Las aplicaciones de pago están al tanto de lo que dices (Lock and Code, temporada 7, episodio 11)

| 31 de mayo de 2026
Un candado ilustrado se monta en un pie de micrófono y el dispositivo emite ondas sonoras.

Esta semana en el podcast Lock and Code...

En la actualidad, en Estados Unidos, te pueden cerrar la cuenta bancaria, cancelar las tarjetas de crédito y bloquear los pagos en línea por una serie de delitos, como la financiación del terrorismo, el blanqueo de capitales o el incumplimiento de sanciones.

Tiene sentido, ¿no? Bueno, también te puedes arruinar económicamente por dar clases de poesía.

Eso es lo que, al parecer, le ocurrió a un profesor de poesía persa de Detroit cuyas cuentas fueron señaladas por «incumplimiento de sanciones» porque sus alumnos escribieron «clases de persa» en los conceptos de sus pagos de Venmo.

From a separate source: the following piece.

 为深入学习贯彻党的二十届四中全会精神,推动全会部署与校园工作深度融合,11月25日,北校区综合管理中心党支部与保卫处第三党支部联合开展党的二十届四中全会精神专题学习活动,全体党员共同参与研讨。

También está la historia de los practicantes de yoga desnudo que se quedaron sin su procesador de pagos durante 60 días, viéndose obligados a reconstruir su lista de suscriptores desde cero. Y no podemos olvidar al periodista especializado en cannabis de San Diego que fue excluido de Stripe —y de un boletín de pago de Substack— debido a las normas de la plataforma de pagos que prohíben la promoción de la venta de cannabis.

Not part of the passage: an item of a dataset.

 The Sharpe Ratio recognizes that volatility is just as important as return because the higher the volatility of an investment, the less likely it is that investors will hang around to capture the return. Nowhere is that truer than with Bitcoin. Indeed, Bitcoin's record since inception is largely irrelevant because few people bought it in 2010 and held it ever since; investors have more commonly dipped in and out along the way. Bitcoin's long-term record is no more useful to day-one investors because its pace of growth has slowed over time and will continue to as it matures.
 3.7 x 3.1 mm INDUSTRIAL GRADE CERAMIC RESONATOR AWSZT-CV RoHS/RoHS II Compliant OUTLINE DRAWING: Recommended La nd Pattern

Esto se conoce como «censura financiera», y suele ocurrir cuando un banco, una entidad emisora de tarjetas de crédito o una aplicación de pagos decide que un cliente supone un riesgo demasiado elevado como para prestarle servicio. Pero «riesgoso» no siempre significa «ilegal», y cuando una gran institución financiera peca de cautelosa ante lo que un cliente dice, defiende, representa o publica, muchas personas inocentes pueden verse perjudicadas en el proceso.

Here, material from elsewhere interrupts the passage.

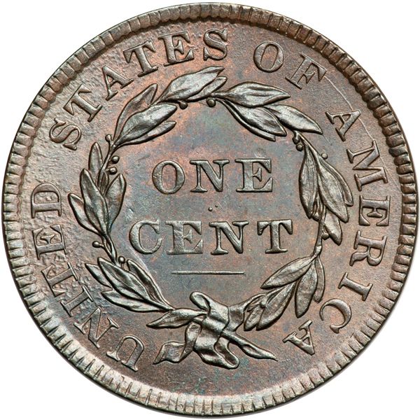 1834 N-4 R2 Large 8, Small Stars, Medium Letters MS64. Beautiful satiny light bluish steel and olive with faded mint red in the protected areas on both sides. Lustrous and very attractive. The only mark is a small spot of darker toning in the field above the coronet tip. Sharply struck MDS with obvious die rust surrounding NITED STATES. A premium cent. Removed from an NGC slab graded MS65BN (NGC label included).

Eso es lo que descubrió la activista por los derechos digitales Rainey Reitman al escribir «Transaction Denied: Big Finance’s Power to Punish Speech» (Transacción denegada: el poder de las grandes entidades financieras para castigar la libertad de expresión). Como explicó Reitman sobre estas decisiones de enorme repercusión:

«Aunque sus intenciones sean buenas, los sistemas financieros pueden acabar atrayendo a mucha gente que no es el público objetivo… A veces nos referimos a esto como los delfines que se enredan en las redes de pesca».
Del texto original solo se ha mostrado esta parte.